Comment 15 for bug 1827258

Revision history for this message
Bin Yang (byangintel) wrote :

As I mentioned above, " free < min, kernel will start oom killer".

And you can find the kernel code for this logic:
mm/page_alloc.c:
__zone_watermark_ok()
=============================

        /*
         * Check watermarks for an order-0 allocation request. If these
         * are not met, then a high-order request also cannot go ahead
         * even if a suitable page happened to be free.
         */
        if (free_pages <= min + z->lowmem_reserve[classzone_idx])
                return false;

        /* If this is an order-0 request then the watermark is fine */
        if (!order)
                return true;

And here is a related document:
https://www.kernel.org/doc/Documentation/sysctl/vm.txt
min_free_kbytes:
================

This is used to force the Linux VM to keep a minimum number
of kilobytes free.
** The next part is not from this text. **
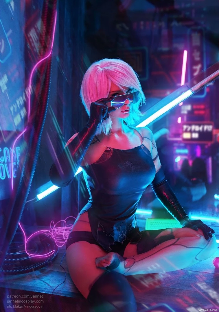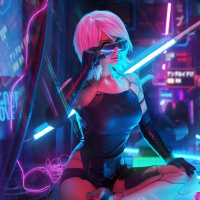 an urban setting with neon lights, signs, and digital displays, suggesting a futuristic or cyberpunk theme. The character appears to be in

The VM uses this number to compute a
watermark[WMARK_MIN] value for each lowmem zone in the system.
Each lowmem zone gets a number of reserved free pages based
proportionally on its size.

Some minimal amount of memory is needed to satisfy PF_MEMALLOC
allocations; if you set this to lower than 1024KB, your system will
become subtly broken, and prone to deadlock under high loads.

Setting this too high will OOM your machine instantly.

And the watermarks are setup base on this kernel parameter:
========================
mm/page_alloc.c
init_per_zone_wmark_min()

The default setting is calculated based on your total system memory size. I think min watermark = 53464kB is reasonable.